A split Wisconsin Supreme Court upheld those decisions.
“In the general scheme of the program, medical expenses and disability benefits are payable only when they are attributable to a qualifying injury,” said Justice Daniel Kelly, writing for the 4-3 majority.
But dissenters, including Chief Justice Patience Roggensack, said the majority ignored the portion of the law requiring that when an injured worker receives treatment “in good faith” — and the treatment is “unnecessary” yet “medically acceptable” — the employer must pay worker’s compensation for any resulting disabilities.
Flug’s attorney, Jeff Klemp, said his client is back at work at Walmart, has gotten a promotion and prefers not to talk about the case.
Klemp said he had at least two other cases in which the LIRC sided with employers, ignoring important medical evidence presented by his clients’ personal physicians. In one case, he said, a woman was fired from her job of 25 years and could not afford the treatment she needed to correct the workplace injury.
“A lot of my clients did vote for (Walker) because they wanted efficient government,” said Klemp, who practices in Eau Claire. “Our governor would do well if he tasked his appointees with making sure we have a properly functioning safety net for the very people who voted for him.”

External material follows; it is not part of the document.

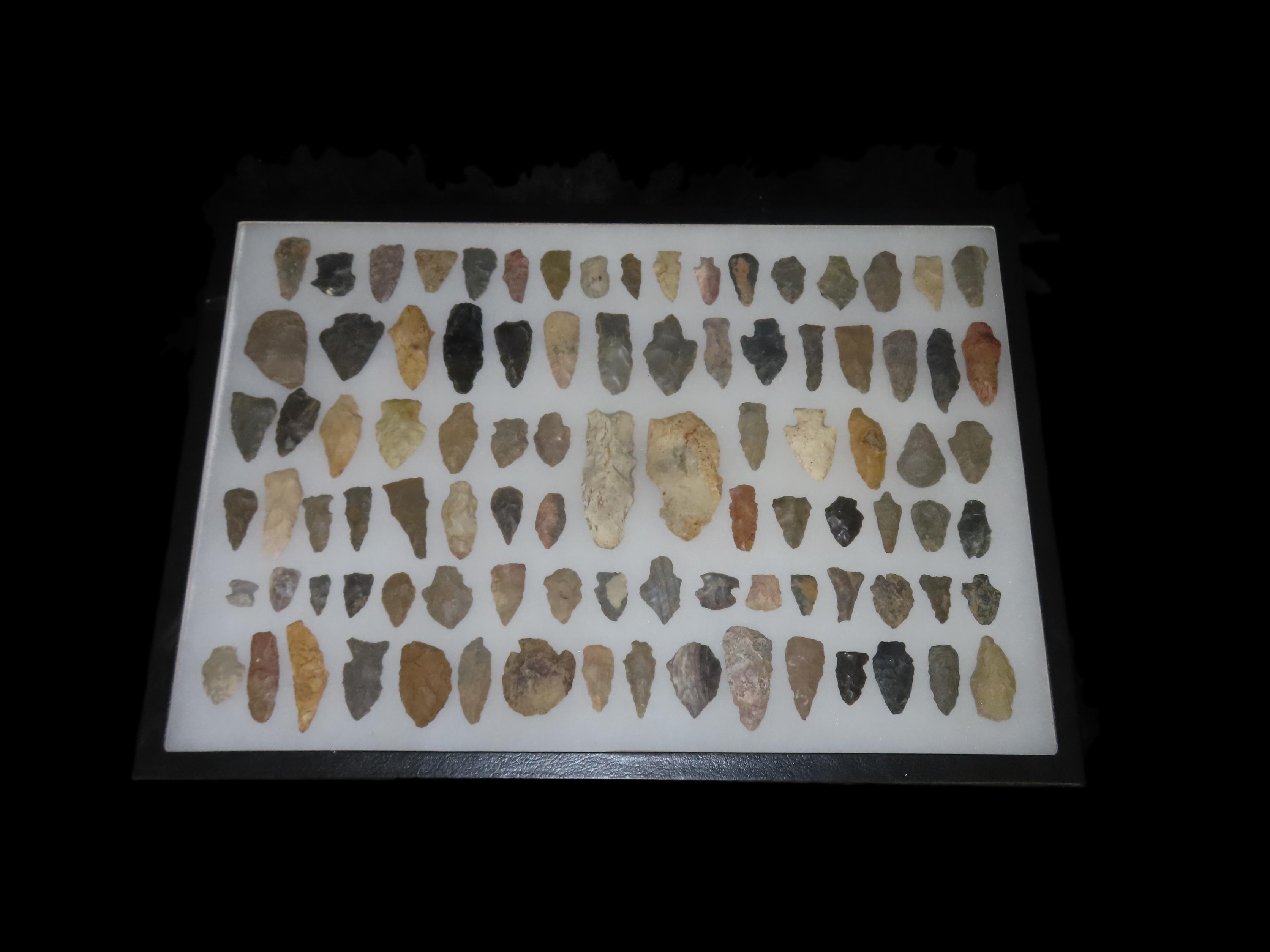 Frame of Miscellaneous Arrowheads, Flint Pieces, Etc.

He added, “Worker’s comp is pretty ugly now. It’s not because of waste, fraud or abuse.”
‘Bad faith’ findings rare
Dixon Gahnz, president of Lawton and Cates law firm in Madison, said there is not enough deterrence to keep insurance companies from taking advantage of injured workers by unfairly denying their claims. He added that some independent medical examiners hired by employers or their insurance companies tend to favor employers by routinely declaring injuries to be non-work related.
But so-called “bad faith” is “difficult to prove because you have a doctor who is licensed in Wisconsin who is swearing under oath that this person’s injury was not work-related,” Gahnz said.
The penalty for a bad faith denial by an insurer is $30,000 for each instance, or three times the amount owed to the injured employee, whichever is less. Dipko said among the roughly 30,000 worker’s compensation claims in 2016, 25 insurance carriers and employers in the state were penalized a total of $303,000 for bad faith denial of coverage.
Gahnz said worker’s compensation insurance carriers can afford to drag out cases until claimants run out of money.
“I know that there is a lot of crowing that this is one of the better systems in the country,” Gahnz said, “but you’re not going to hear that from the injured workers.”
Kay Templin is one of them. Templin was a kitchen worker at St. Francis Xavier School in Appleton when she slipped and fell at work in October 2014.
After the mishap, Templin continued to have problems with her knee. She was diagnosed with a torn meniscus and had surgery in August 2015, after which she filed for worker’s compensation to cover “several thousand dollars” in medical costs and lost wages.
Soon after, Templin was told to get a second opinion from a Madison physician approved by the insurance company. This second doctor determined the injury was not work related, and that the meniscus tear was from a pre-existing condition.
“My wife’s surgeon laughed when he saw the report. He said, ‘Where is this coming from?’ ” Bob Templin said.
For the Templins, no settlement was offered. They had faith that the system would work for injured workers, and represented themselves in front of an administrative law judge.
“Everything went by the letter. I give the attorney for the insurance company credit, he knew the rules and he knew how to play the game and he kicked our butt, he did his job,” Templin said.
“If that is what the system is designed for, then the system works quite well. If the system is designed to be fair and equitable to injured employees, it fails miserably, in my opinion.”